En el lago Salado era donde el trazado llegaba a su más alto punto de altitud. Desde aquí su perfil describía una curva muy prolongada, que bajaba hacia el valle de Bitter- Creek, para remontarse hasta la línea divisoria de las aguas entre el Océano y el Pacífico. Los ríos eran numerosos en esta region montuosa. Hubo que pasar sobre puentes el Muddy, el Gree y otros. Picaporte se había tornado más impaciente a medida que se acercaba el término del viaje, y Fix, a su vez, hubiera querido haber salido ya de aquella región extraña. Temía las tardanzas, recelaba los accidentes, y aún tenía más prisa que el mismo Phileas Fogg en poner el pie sobre la tierra inglesa.
A las diez de la noche, el tren se detenía en la estación de Fort Bridger, de la cual se separó al punto, y veinte millas más allá entraba en el estado de Wyoming, el antiguo Dakota, siguiendo todo el valle de Bitter Creek, de donde surgen parte de las aguas que forman el sistema hidrográfico del Colorado.
Al día diguiente, 7 de diciembre, hubo un cuarto de hora de parada en la estación de Green River. La nieve había caído, durante la noche, con bastante abundancia; pero, mezclada con lluvia, medio derretida, no podía estorbar la marcha del tren. Sin embargo, este mal tiempo no dejó de inquietar a Picaporte, porque la acumulación de las nieves, entorpeciendo las ruedas de los vagones, hubiera comprometido seguramente el viaje.
-Pero, ¿qué idea -decía para sí- habrá tenido mi amo para viajar durante el invierno? ¿No podía aguardar la buena estación, para tener mayores probabilidades?
Pero en aquel momento, en que el honrado mozo no se preocupaba más que del estado del cielo y del descenso de la temperatura, mistress Aouida experimentaba recelos más vivos, que procedían de otra muy diferente causa.
En efecto, algunos viajeros se habían apeado y se paseaban por el muelle de la estación de Green River, aguardando la salida del tren. Ahora bien; a través del cristal reconoció entre ellos al coronel Steam Proctor, aquel americano que tan groseramente se había conducido con Phileas Fogg, durante el mitin de San Francisco. Mistress Aouida, no queriendo ser vista, se echó para atrás.

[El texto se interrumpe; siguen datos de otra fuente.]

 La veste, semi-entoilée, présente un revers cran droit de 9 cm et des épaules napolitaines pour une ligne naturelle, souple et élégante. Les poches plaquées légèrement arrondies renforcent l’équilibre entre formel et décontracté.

Esta circunstancia impresionó vivamente a la joven. Esta había cobrado afecto al hombre que, por frío que fuera, le daba diariamente muestras de la más absoluta adhesión. No comprendía, sin duda, toda la profundidad del sentimiento que le inspiraba su salvador, y aunque no daba a este sentimiento otro nombre que el de agradecimiento, había más que esto, sin sospecharlo ella misma. Por eso su corazón se oprimió cuando reconoció al grosero personaje a quien tarde o temprano quería mister Fogg pedir cuenta de su conducta. Evidentemente, era la casualidad sola la que había traído al coronel Proctor; pero, en fin, estaba allí, y era necesario impedir a toda costa que Phileas Fogg percibiese a su adversario.
Mistress Aouida, cuando el tren echó de nuevo a andar, aprovechó un momento en que mister Fogg dormitaba para poner a Fix y Picaporte al corriente de lo que ocurría.

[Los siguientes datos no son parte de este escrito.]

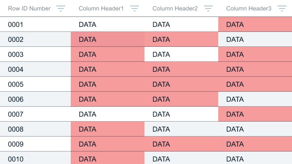 All the red blocks overwhelmed users and removed the benefits of the striped rows in the design system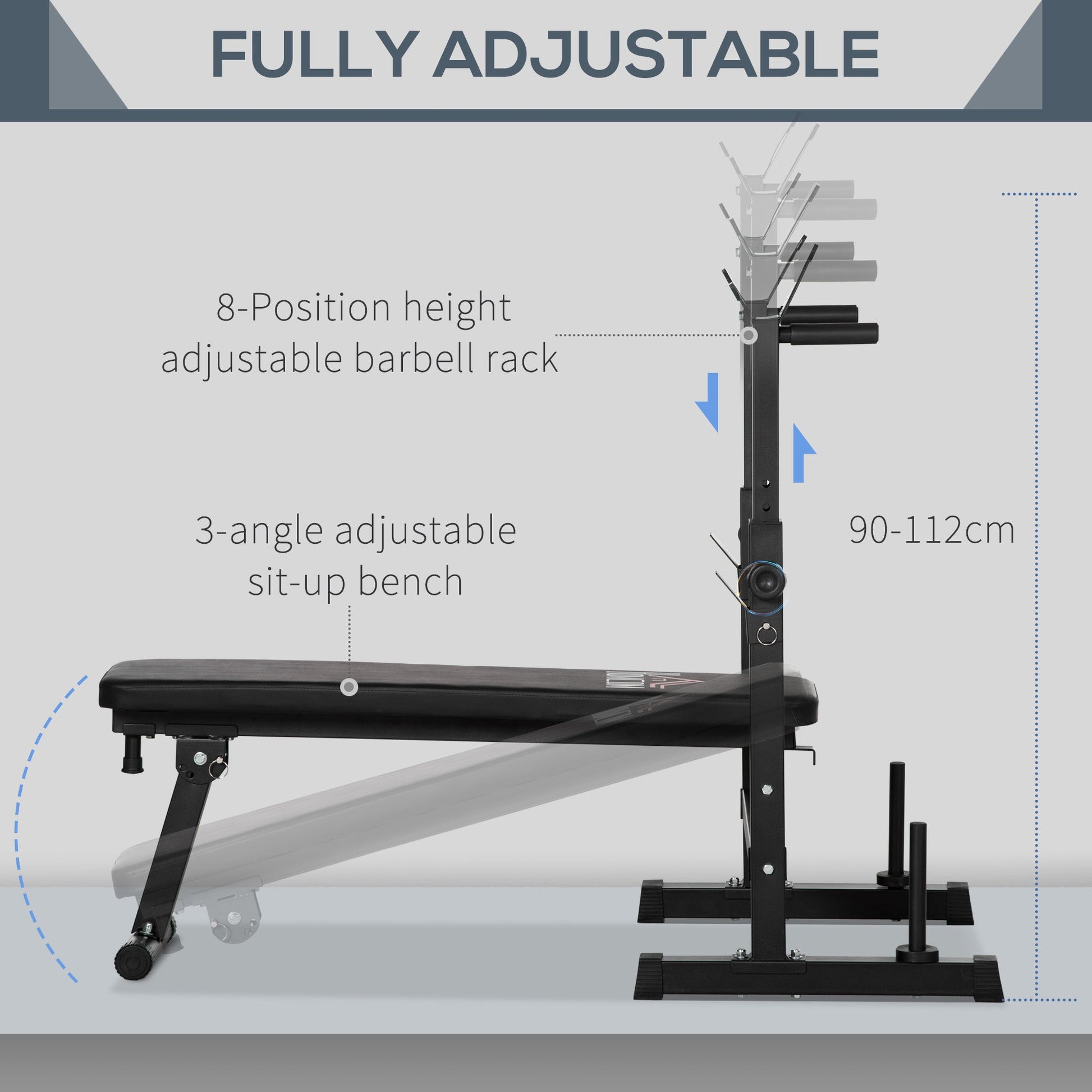 HOMCOM Adjustable Weight Bench, Foldable Bench, with Barbell Rack, Black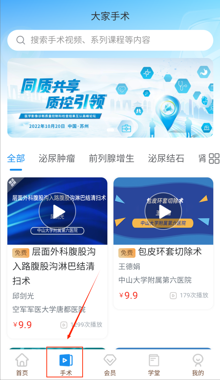 2、手术视频分为普外、神外等8大科室专区,支持1080P高清播放和关键步骤慢放标注啦。
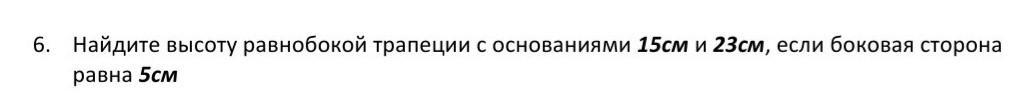 (6)Найдите высоту равнобокой трапеции с основаниями 15см и 23см, если боковая сторона равна 5см

-¡Ese Proctor está en el tren! -exclamó Fix-. Pues bien: tranquilizaos, señora; antes de entenderse con el llamado... con mister Fogg, ajustará cuentas conmigo. Me parece que, en todo caso, yo soy quien ha recibido los insultos más graves.
-Y además- añadió Picaporte-, yo me encargo de él, por más coronel que sea.
-Señor Fix- repuso mistress Aouida-, mister Fogg no dejará a nadie el cuidado de vengarlo. Es hombre, lo ha dicho, capaz de volver a América para buscar a ese provocador. Si ve, por consiguiente, al coronel Proctor, no podremos impedir un encuentro que pudiera traer resultados depior ables. Es menester, pues, que no lo vea.
-Tenéis razón, señora- respondió Fix-, un encuentro podría perderlo todo. Vencedor o vencido, mister Fogg se vería atrasado, y...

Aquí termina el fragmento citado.